Although in the abstract, the court unanimously affirmed the “one person, one vote” principle in 2016, it did not find that states are required to draw legislative districts based on the number of people, rather than the number of citizens. Just this week, Alabama asked the courts to fast-track a case that could answer that question. If the issue comes before a 6-3 Supreme Court, the court could say both that states can exclude noncitizens when they draw legislative districts, and that states can create districts with vastly different numbers of people in them. Either conclusion would allow Republican legislatures to overrepresent traditional Republican strongholds and underrepresent Democratic-leaning areas. States could make political representation even more unequal and undemocratic if the new court prohibits citizens from adopting independent redistricting commissions, which take the task of legislative redistricting out of the hands of self-interested lawmakers. A bare majority of the court approved independent redistricting commissions in 2015, with Ginsburg and Justice Anthony M. Kennedy in the majority. Now that both of those justices are no longer on the court, the conservatives could revisit that opinion.

A more conservative court would be poised to exempt religious objectors from complying with statutes that prohibit discrimination against racial minorities, women, the disabled, religious minorities and the LGBT community. This could mean that, although marriage equality is the law of the land, those who object to same-sex marriage on religious grounds may refuse to serve LGBT couples or employ LGBT workers — and could claim exemptions from anti-discrimination laws. In the upcoming term, the court will decide whether cities, as a condition for receiving a government contract, may require a religious entity to comply with anti-discrimination laws.

The last time affirmative action was before the court, a bare 4-3 majority (Justice Elena Kagan was recused and the late justice Antonin Scalia’s court replacement had not been seated), in which Ginsburg joined, upheld race-conscious university admissions policies as a way to further diversity. With a 6-3 conservative majority, the court could overturn decisions that ensure that racial minorities have equal access to elite academic institutions.

A more conservative court could refashion the regulatory state by reviving the “nondelegation doctrine,” restricting Congress’s ability to delegate authority to administrative agencies. Such a shift would change government as we know it, preventing agency regulations aimed at combating climate change, delivering health care or addressing a global pandemic. It isn’t a stretch to say that decision-making along these lines would mean “most of Government is unconstitutional,” as Kagan has put it.

These scenarios don’t even encompass the very real possibility that a 6-3 court could be called on to resolve a contested presidential election this year. If Trump’s nominee is confirmed, a third of the court will have been chosen by him, and they will be asked to ensure his victory.

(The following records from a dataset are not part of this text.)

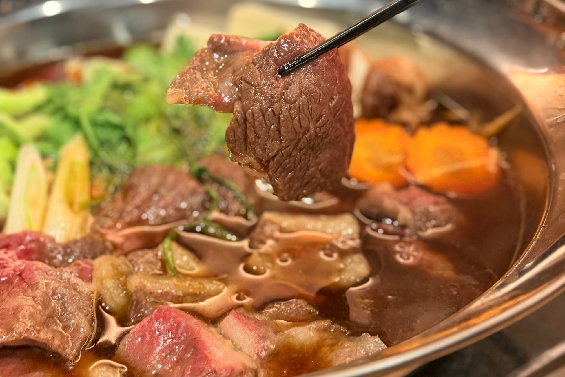 今回の目玉となるのは、「桜鍋」です。桜鍋とは、鮮やかな桜色の馬肉をすき焼き風に煮込んだ贅沢な鍋料理で、馬肉本来の旨味を引き出した割下と共に、柔らかくジューシーな馬肉を存分に味わえます。当店では贅沢に生でも食べられる新鮮な馬肉を5種類(モモ、ロース、バラ、フタエゴ、中落ちカルビ)ご用意しており、軽くしゃぶしゃぶして食べるのも良し、しっかり火を通して食べるのも良し。部位や加熱加減でそれぞれの食感を楽しめるのが魅力です。桜鍋はそのままでも美味しいですが、お好みで卵を絡めていただくと、まろやかなコクが加わり、さらに贅沢な味わいになります。新鮮な馬肉をたっぷり楽しめるこの一品が、当コースの最大の押しポイントです。鍋の余韻を存分に楽しめる締めは、濃厚なスープを雑炊で味わうか、うどんの喉ごしで締めくくるか、お好きな方をお選びください。
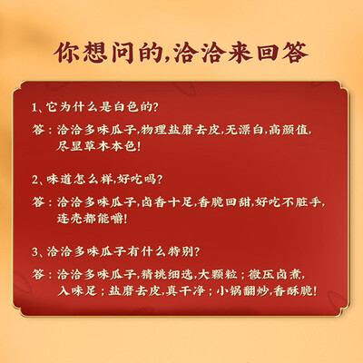 咔嚓咔嚓,香味便漫延在唇齿之间。大粒的选材,饱满的瓜子,香酥的瓜子仁,薄薄的瓜子皮,让你享受这香酥的美味。
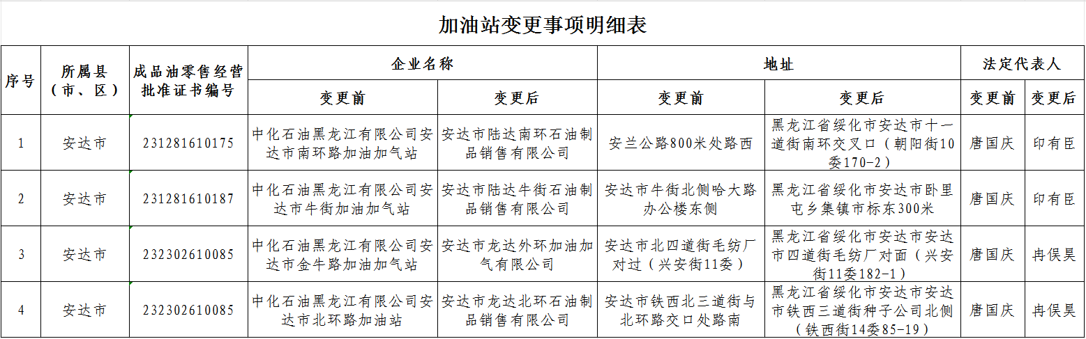中化石油黑龙江有限公司安达市南环路加油加气站、中化石油黑龙江有限公司安达市牛街加油加气站、中化石油黑龙江有限公司安达市金牛路加油加气站、中化石油黑龙江有限公司安达市北环路加油站申请变更企业名称、法定代表人、地址材料齐全,符合变更要求,现对变更事项进行网上公示。公示期为5个工作日(2026年2月9日-2026年2月13日)。
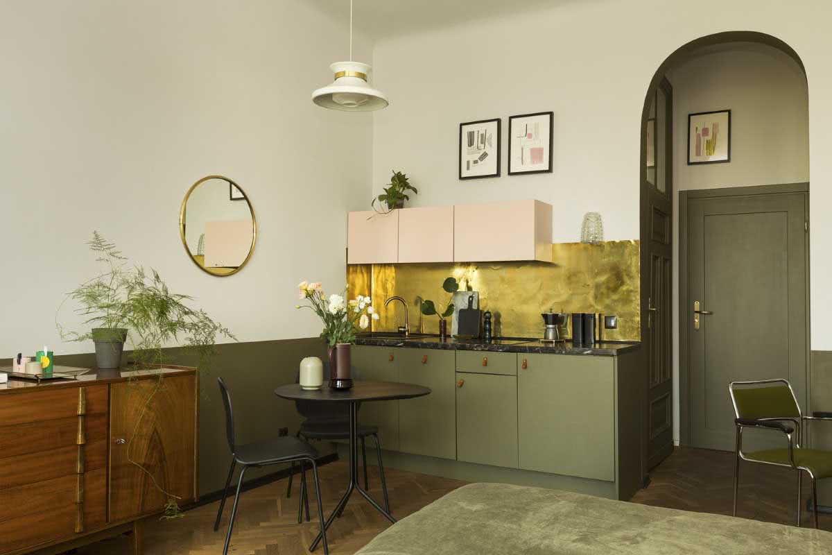 На кухне установлены латунные шкафы, боковые панели и ручки, а также контрастная столешница, изготовленные из черного ламината. Стены окрашены в масляно желтых тонах. Пол, выполненный из дерева, оттеняет золотую тонировку мебели. Смежный коридор выполнен в тонах богатой палитры сливового цвета.
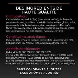 COMPOSITION: Canard de haute qualité (15%) (dont dos et coffre), Riz, Farine de protéines de maïs, Protéines de volaille déshydratées, Gluten de blé, Protéines de pois, Farine basse de blé, Foie de porc (4%), Maïs, Fibres végétales séchées, Substances minérales, Graisses animales, oeufs déshydratés, Huile de poisson, Hydrolysat, Levures.
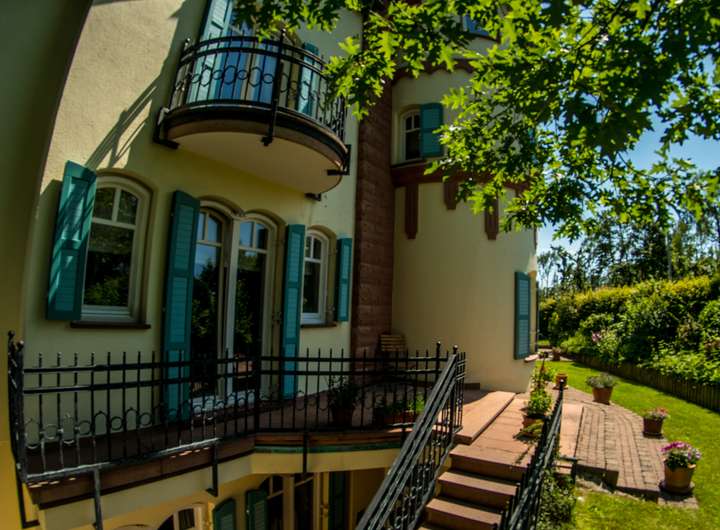 Bereits beim Betreten empfängt Sie ein großzügiges Foyer, das mit seinen Fresko-Wandmalereien und der offenen Raumgestaltung einen eindrucksvollen ersten Eindruck hinterlässt. Die Villa ist geprägt von einer einmaligen Architektur, die stilvolle Repräsentation mit wohnlicher Behaglichkeit verbindet und damit ideale Voraussetzungen für Empfänge, festliche Anlässe oder das gesellige Beisammensein mit Freunden und Gästen schafft.
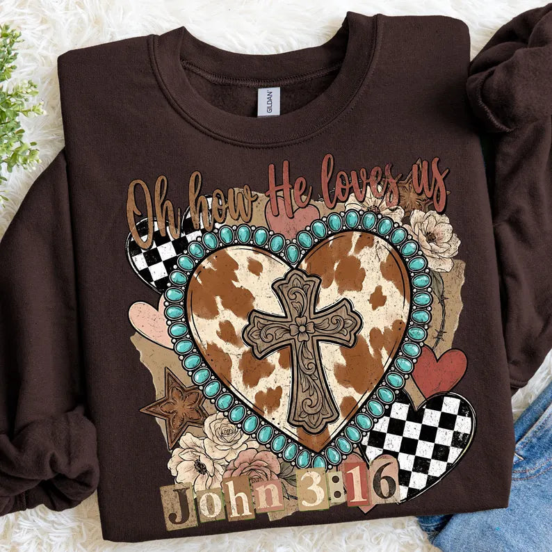 Western Oh How He Loves Us Sweatshirt - Also in Plus Size

For Trump, Senate Majority Leader Mitch McConnell (Ky.) and the Senate’s Republican majority, the high court is key to securing broad power for which there is no democratic mandate. Faced with the prospect of Republican minority rule, many congressional Democrats have suggested that they’re keeping their options open, including the constitutionally permitted possibility of adding more justices to the court — “packing” it — to better reflect popular will. They may be too late: With a 6-3 conservative bloc in the offing, and the lower federal courts freshly stocked with Trump appointees, the Republicans’ own court-packing plan is already well underway.